Exercise objective:
Begin with the first line of the material and write out each line exactly, ending with the line that contains "搜狗双十一战报:7项第一,AI录音笔成品类王牌". Pictures are not part of the copy.

Dataset extract:

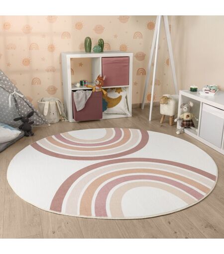 Tapis Rond Chambre Enfant Bebe Fille Garcon Arc-en-ciel Lavable En Machine Pink, 100 cm rond - Paco Home
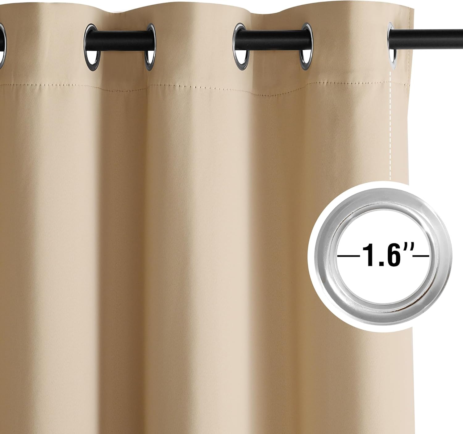 NICETOWN Beige Room Darkening Curtains 63 Inches Long 2 Panels for Living Room, Bedroom, Nursery Summer Thermal Insulated Blackout Drapes Grommet Noise Reducing Window Curtains, W40
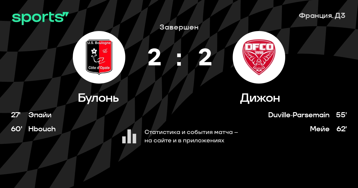Результат прошлой игры в турнире «Насьональ»: Дижон – Шатору 4:0. После 15 туров Дижон набирает 25 очков и занимает 4 место в турнире. Лучший бомбардир команды – A. Duville-Parsemain: он забил 5 в 17 матчах. В последних 5 играх Дижон забивает 7 голов. В последних 5 играх Дижон пропускает 2 голов.
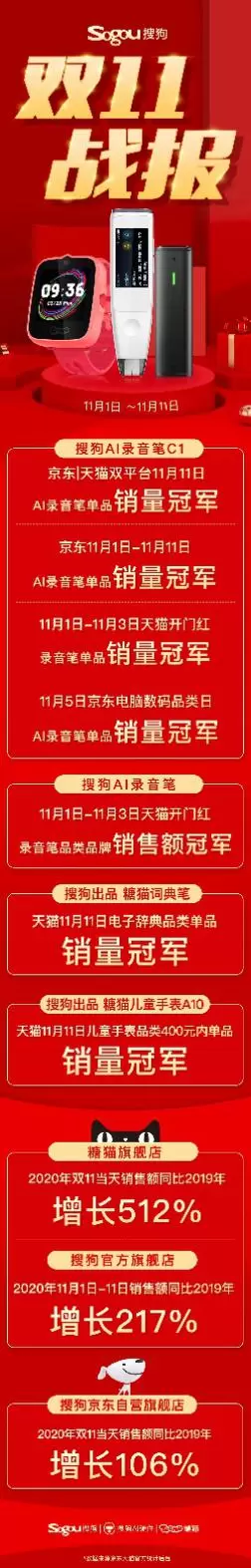 搜狗双十一战报:7项第一,AI录音笔成品类王牌
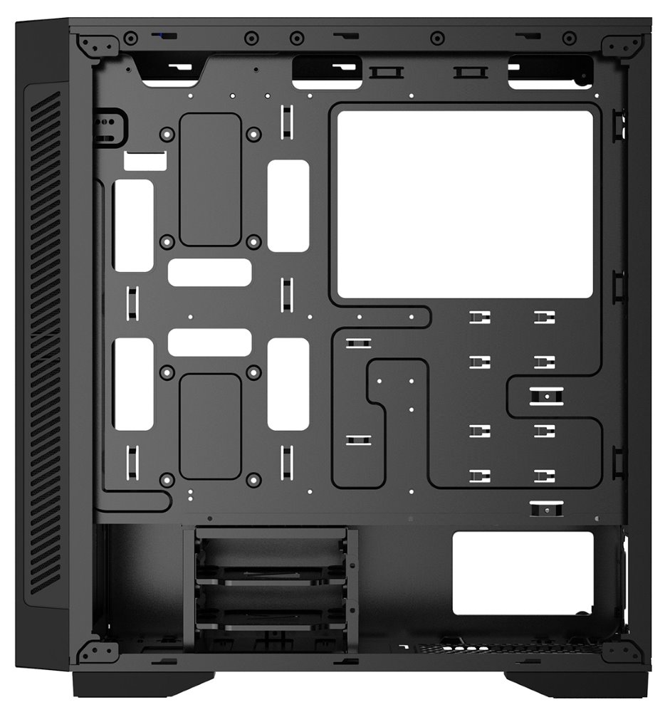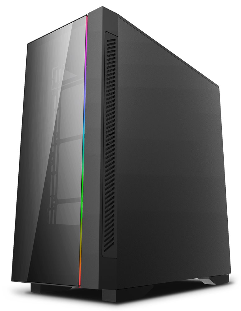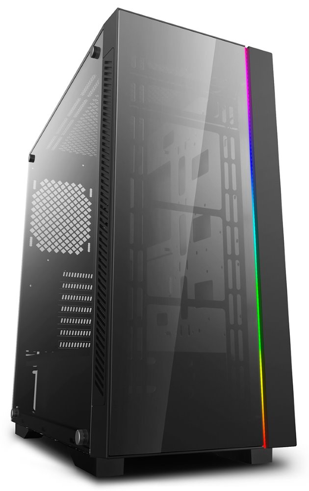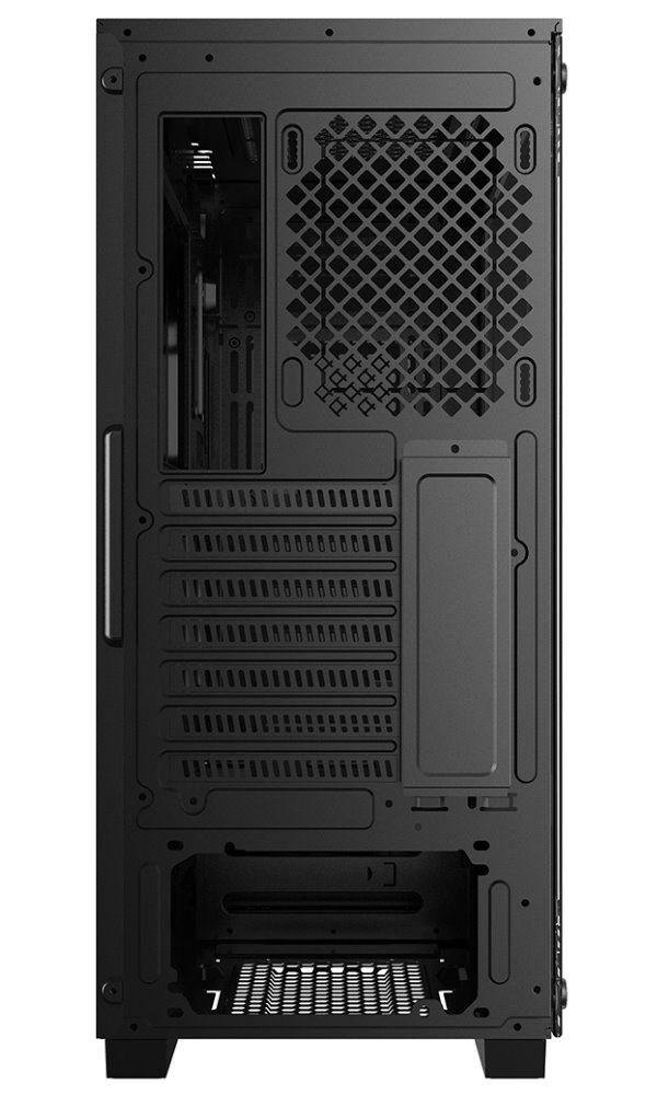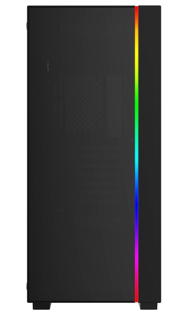 Skříň formátu Middle Tower nabízí dvě 2,5" pozice pro SSD disky a dvě 3,5" pozice pro pevné disky. Na horním panelu se nachází dva USB 2.0 porty, jeden USB 3.0 port, sluchátkový výstup, audio vstup pro mikrofon a ovladač podsvícení. Skříň je vybavena ARGB LED páskem, který spolu s průhlednou bočnicí a předním panelem zajišťuje vytříbený design. Důmyslné řešení umožňuje pohodlné umístění až 360 mm dlouhého výměníku vodního chlazení na přední straně. Ve skříni je dostatek prostoru pro chladič CPU do výšky až 160 mm a grafickou kartu o délce 370 mm. Skříň je dodávána bez zdroje. Součástí je také sada prachových filtrů.
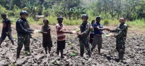 Satgas Yonif Raider 321/GT/13/1 Kostrad bersama Dinas Pertanian Kabupaten Jayawijaya dalam rangka mendukung ketahanan pangan sekaligus meningkatkan perekonomian masyarakat Papua,...
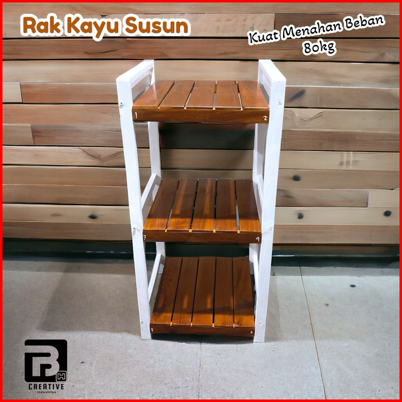 Warna Kombinasi Rak Galon 3 Tingkat Meja Dispenser Galon Rak Rice Cooker Rak Kayu Susun Serbaguna
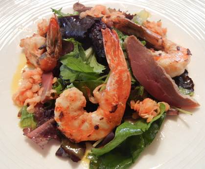 for us to share: gambas poêlées, lentilles corail à l'huile de noisette, magret séché,
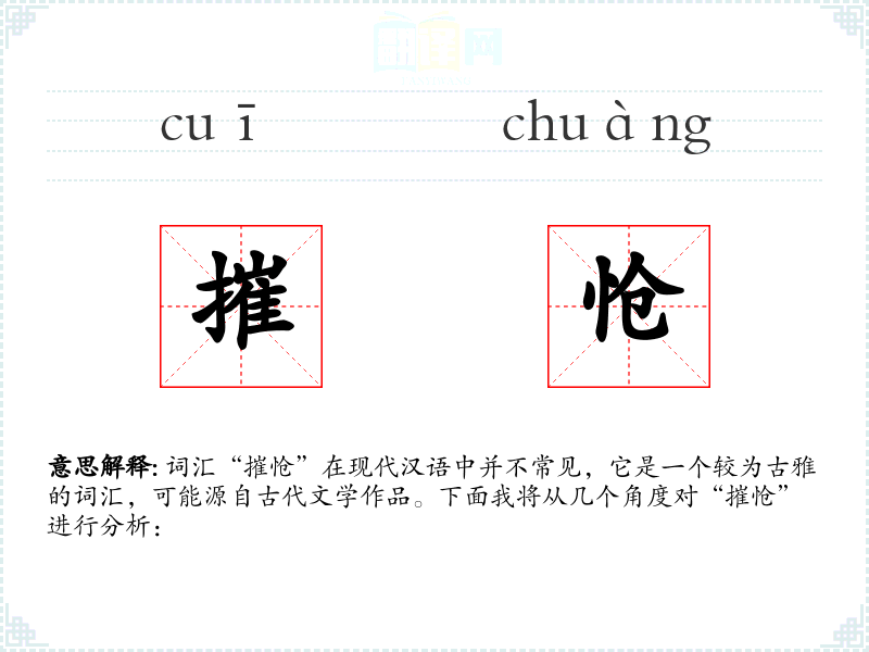 词汇“摧怆”在现代汉语中并不常见,它是一个较为古雅的词汇,可能源自古代文学作品。下面我将从几个角度对“摧怆”进行分析:
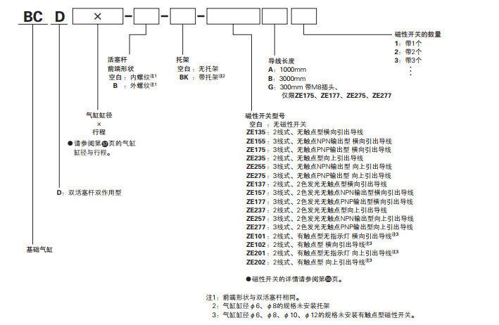 BCD6*5,BCD6*10,BCD6*15,BCD6*20,BCD6*25,BCD6*30,BCD8*5,BCD8*10,BC系列基礎氣缸--兩端出桿氣缸
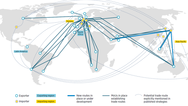 图说:不断扩大的氢气贸易路线、计划和协议网络
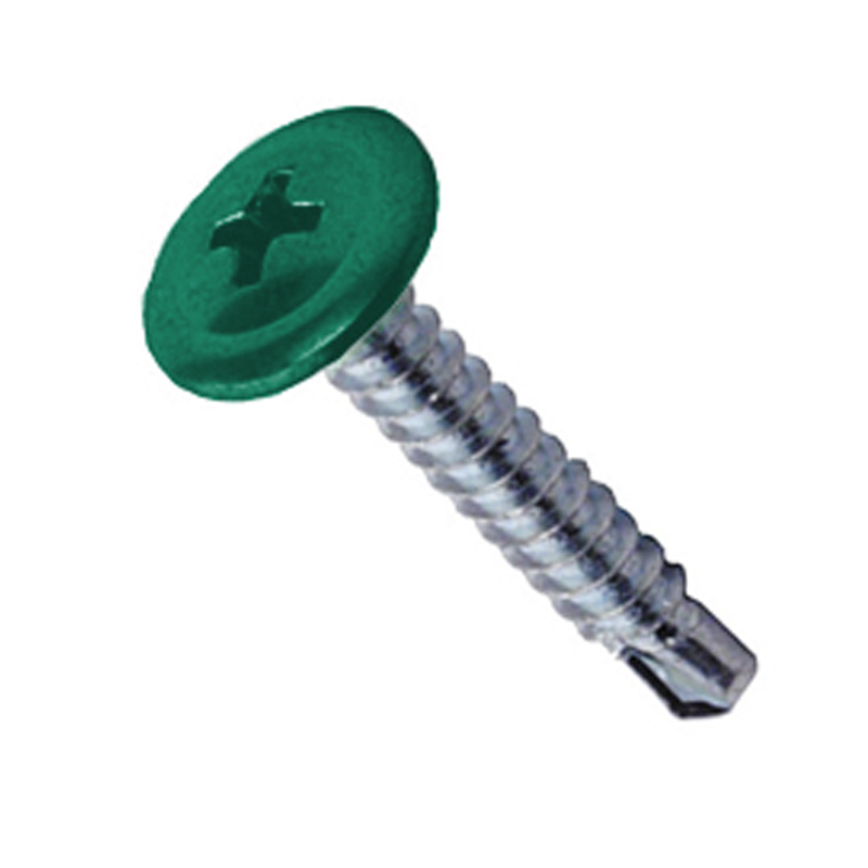 Саморез 4,2х16 RAL6005 зеленый мох с прессшайбой со сверлом - саморез имеет отличную способность просверливания, выполнен из оцинкованной стали и окрашен в различные цвета, что сделает места соединений максимально незаметными.
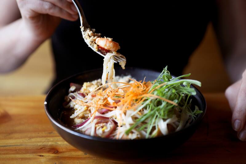 Otra alternativa es que te tientes con el clásico pad thai ($ 8.000), de tallarines salteados con cebollín, zanahoria y dientes de dragón en salsa de tamarindo y maní tostado.
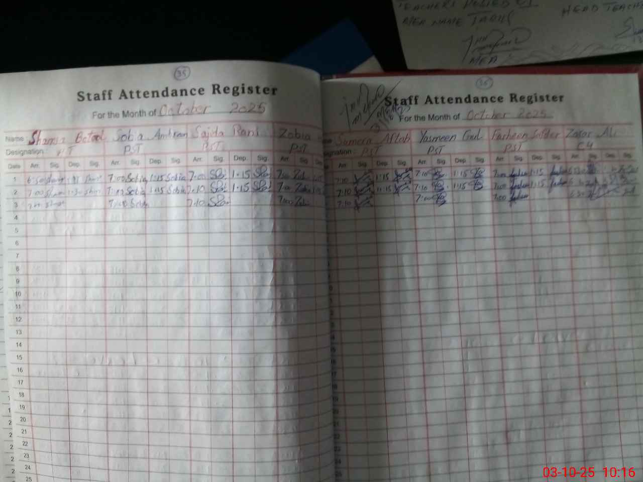| Attendance Register | Head Teacher | MEA with School | Visit Proof |
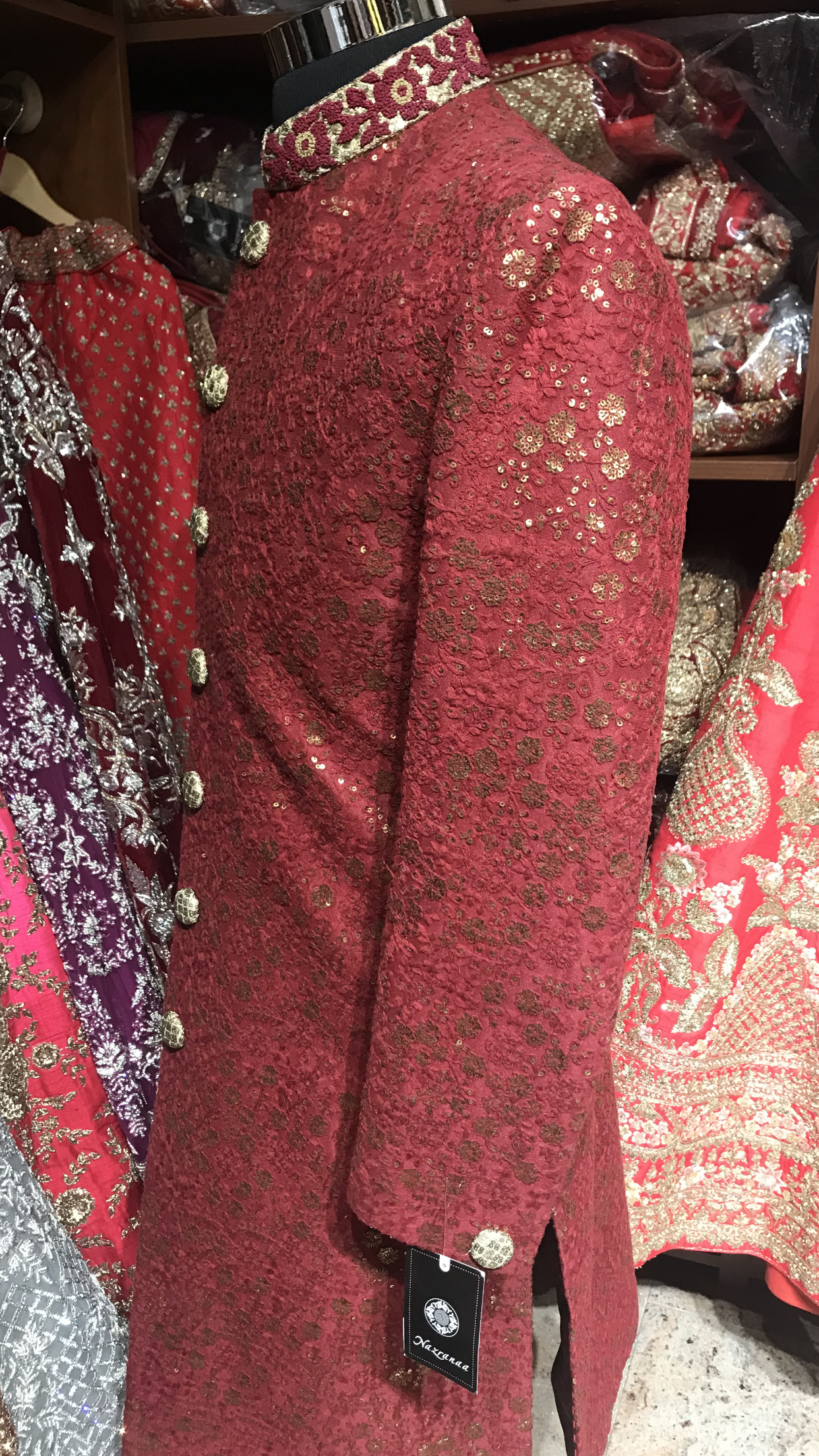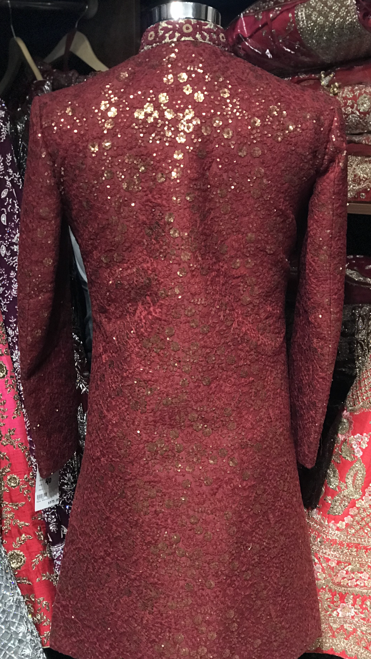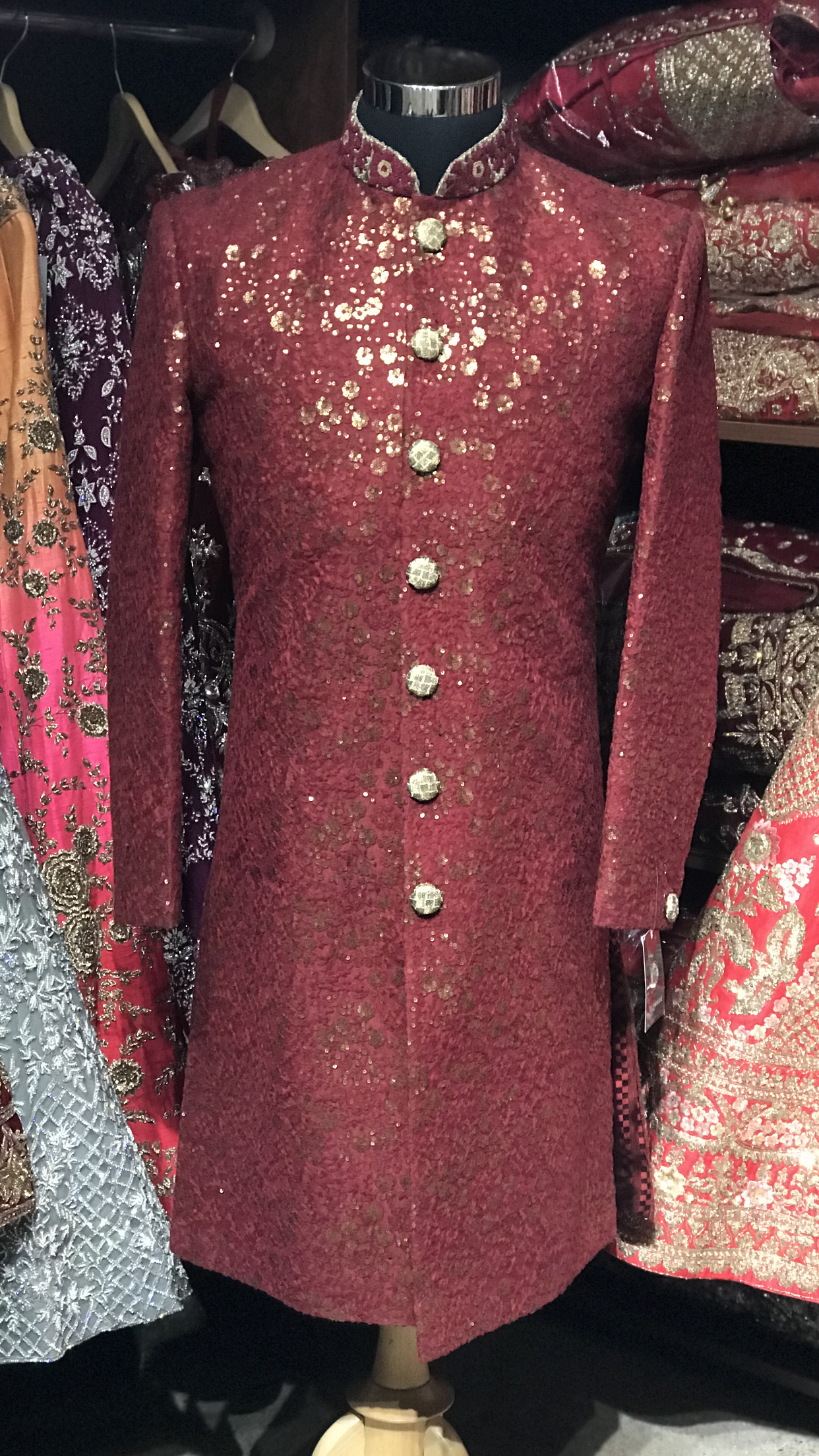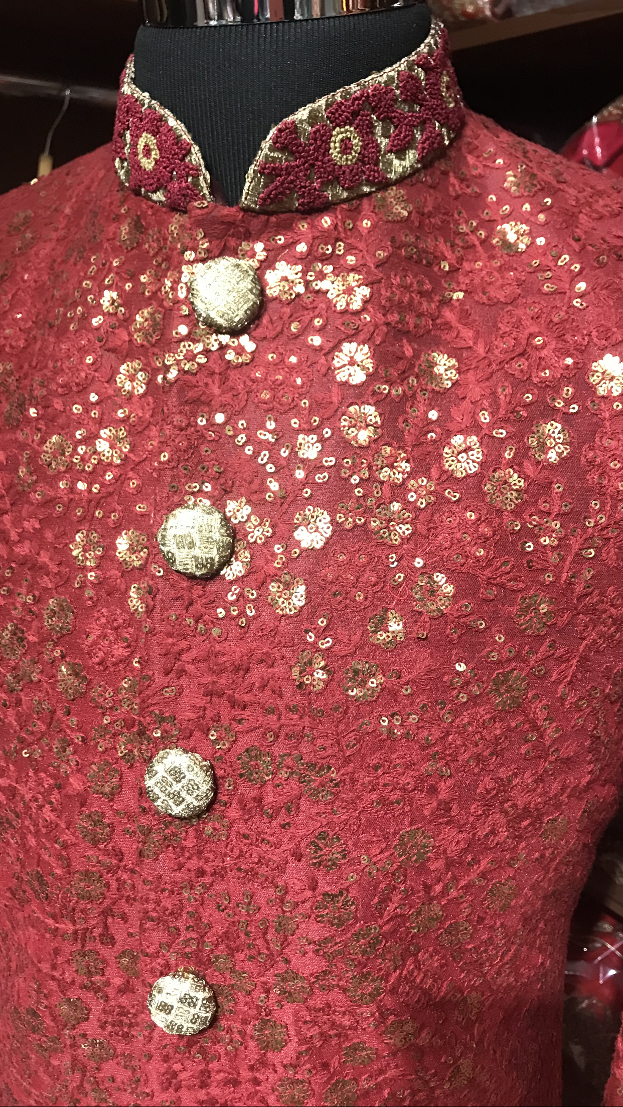 Maroon raw silk sherwani with exquisite tonal embroidery and highlighted sequin embroidery! Paired with a gold chudidar!

Solved exercise:
 Tapis Rond Chambre Enfant Bebe Fille Garcon Arc-en-ciel Lavable En Machine Pink, 100 cm rond - Paco Home
 NICETOWN Beige Room Darkening Curtains 63 Inches Long 2 Panels for Living Room, Bedroom, Nursery Summer Thermal Insulated Blackout Drapes Grommet Noise Reducing Window Curtains, W40
Результат прошлой игры в турнире «Насьональ»: Дижон – Шатору 4:0. После 15 туров Дижон набирает 25 очков и занимает 4 место в турнире. Лучший бомбардир команды – A. Duville-Parsemain: он забил 5 в 17 матчах. В последних 5 играх Дижон забивает 7 голов. В последних 5 играх Дижон пропускает 2 голов.
 搜狗双十一战报:7项第一,AI录音笔成品类王牌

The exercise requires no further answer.